Here's a fun fact about Pat's "charity".

The Nation:

Far from the media's gaze, Robertson has used the tax-exempt, nonprofit Operation Blessing as a front for his shadowy financial schemes, while exerting his influence within the GOP to cover his tracks. In 1994 he made an emotional plea on The 700 Club for cash donations to Operation Blessing to support airlifts of refugees from the Rwandan civil war to Zaire (now Congo). Reporter Bill Sizemore of The Virginian Pilot later discovered that Operation Blessing's planes were transporting diamond-mining equipment for the African Development Corporation, a Robertson-owned venture initiated with the cooperation of Zaire's then-dictator Mobutu Sese Seko.
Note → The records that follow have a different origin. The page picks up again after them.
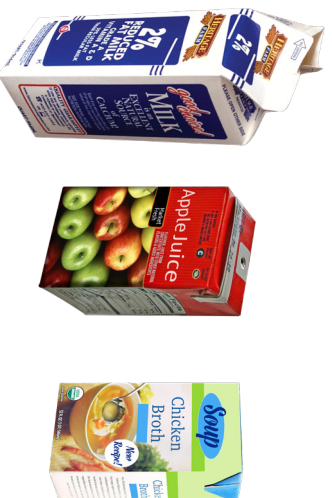
CARTONS AND ASEPTIC PACKAGING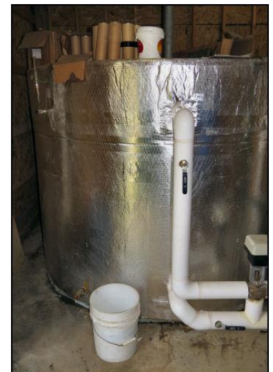
1600-gallon thermal storage tank.

The smaller G200 boiler (200,000 btu) was installed in 2011, then a larger G400 boiler (375,000 btu) in 2015. A 1600-gallon thermal storage tank is housed in a small building separate from Malachi Hall, near to the boilers, which are not in a building.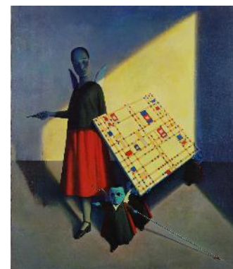
Liu Ye She Isn't Afraid of Mondrian , 1995 Estimate: HK$ 18,000,000- 28,000,000

A strong selection of Chinese Modern and Contemporary works will be offered in the Evening Sale, led by Zao Wou-Ki's 29.05-31.10.68. In the present work, Zao's vigorous brushwork illustrates the battle between the four elements: fire, earth, air and water. To balance this epic encounter, the painting is divided into three horizontal bands which give a sense of stability to the central swirling composition. If the 1950s were associated with the Oracle Bones period and the appearance of signs in Zao's works, in the 1960s his work grew increasingly abstract and vibrant. Another masterwork to be presented in the Evening Sale is Chu Teh-Chun's No.164. In this work, Chu's choice of colours captures his control of balance and depth in an intricate game of texture, alternating ink-like washes of deep blue and green with saturated hues of bright red outlined by solid black lines. The artist successfully diluted oil paints to create the visual effect of thin ink-like washes, whilst containing them to allow negative space. With canvas as a basis and oil as a medium, Chu perfectly translates a milestone of Chinese tradition into the most Western expression.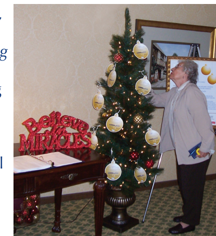
2009 Holiday Hope Tree: an American House resident chooses a gift to donate to a senior in need.

On November 4th, every American House Senior Living Community will hold a tree lighting ceremony and invite residents, friends, family members and local area businesses to join in this celebration – and to raise the much needed funds to support our seniors. Over 100 volunteers from American House, Lighthouse and Wayne State University will join together to deliver the items during the first two weeks of December.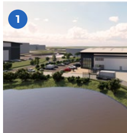
DOVE VALLEY PARK Foston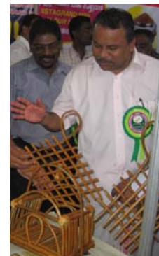
Kerala Minister for Agriculture, Mr. Mullakara Ratnakaran appreciate Lantana products at Farmfest—2008

Recent boom of wetland tourism bring profits to those associated with it, but the resultant ecological degradation affects several traditional stakeholders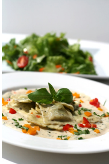
Caramelized Pear and Gorgonzola Ravioli in Basil Cream Sauce.

We also took the Butternut Squash Ravioli for a ride as dessert, with a sauce of beurre noisette and maple syrup , topped with candied walnuts (try hazelnuts if you prefer) and a generous dollop of crème fraîche (the slight tartness of crème fraîche works far better than unsweetened whipped cream). You can also add dried fruits—raisins, dates and figs are a sophisticated touch. Both recipes were magnificent—just not in the same meal!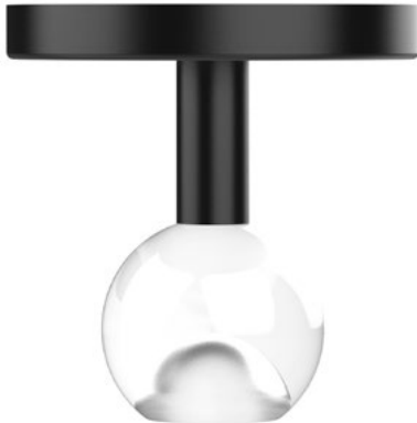
SP5 CANOPY MOUNTING OPTION (INTEGRATED DRIVER)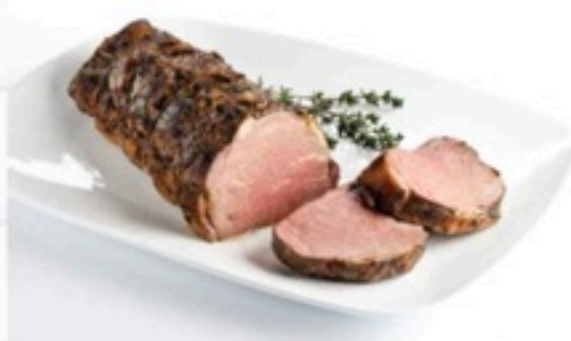
Whole Beef Tenderloin select, packer trim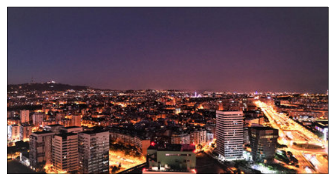
Figure 2: Barcelona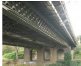
h00050 hawthorn bridge may 05 view from below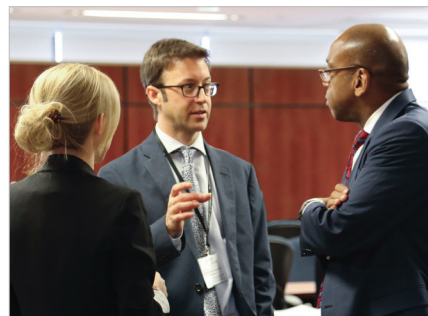
Conflict of Laws

It has been wonderful to be with you in person at our project meetings and the Annual Meeting. I look forward to seeing many more of you in the next year and beyond.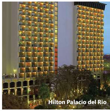
Hilton Palacio del Rio

IIMC REGION IV • ARKANSAS LOUISIANA MISSISSIPPI OKLAHOMA TEXAS

After a lengthy investigation, Virginia's Office of Consumer Affairs determined that Robertson "willfully induced contributions from the public through the use of misleading statements and other implications." Yet when the office called for legal action against Robertson in 1999, Virginia Attorney General Mark Earley, a Republican, intervened with his own report, agreeing that Robertson had made deceptive appeals but overruling the recommendation for his prosecution. Two years earlier, while Virginia's investigation was gathering steam, Robertson donated $35,000 to Earley's campaign--Earley's largest contribution. With Earley's report came a sense of vindication. "From the very beginning," Robertson claimed, "we were trying to provide help and assistance to those who were facing disease and death in the war-torn, chaotic nation of Zaire."
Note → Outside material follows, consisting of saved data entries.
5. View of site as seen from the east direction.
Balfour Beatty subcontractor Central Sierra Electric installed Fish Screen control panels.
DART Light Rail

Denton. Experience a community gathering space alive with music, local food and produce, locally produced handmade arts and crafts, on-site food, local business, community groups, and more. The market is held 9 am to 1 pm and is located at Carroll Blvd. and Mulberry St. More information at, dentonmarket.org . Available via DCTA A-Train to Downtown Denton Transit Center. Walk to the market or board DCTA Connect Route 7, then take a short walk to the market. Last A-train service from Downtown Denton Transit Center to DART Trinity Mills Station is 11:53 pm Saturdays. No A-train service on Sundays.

And hey, if using charitable donations to traffic in freakin' blood diamonds isn't bad enough for you, you can rest assured that a portion of your dollar will go toward faith-healing.

Face it, Pat Robertson is a complete fraud. If you're going to send him money, just save a stamp and light the bills on fire. It'll do just as much good.

vet said...

Wasn't Pat Robertson the one who said the Boxing Day Tsunami was a pointer to the imminence of the Second Coming?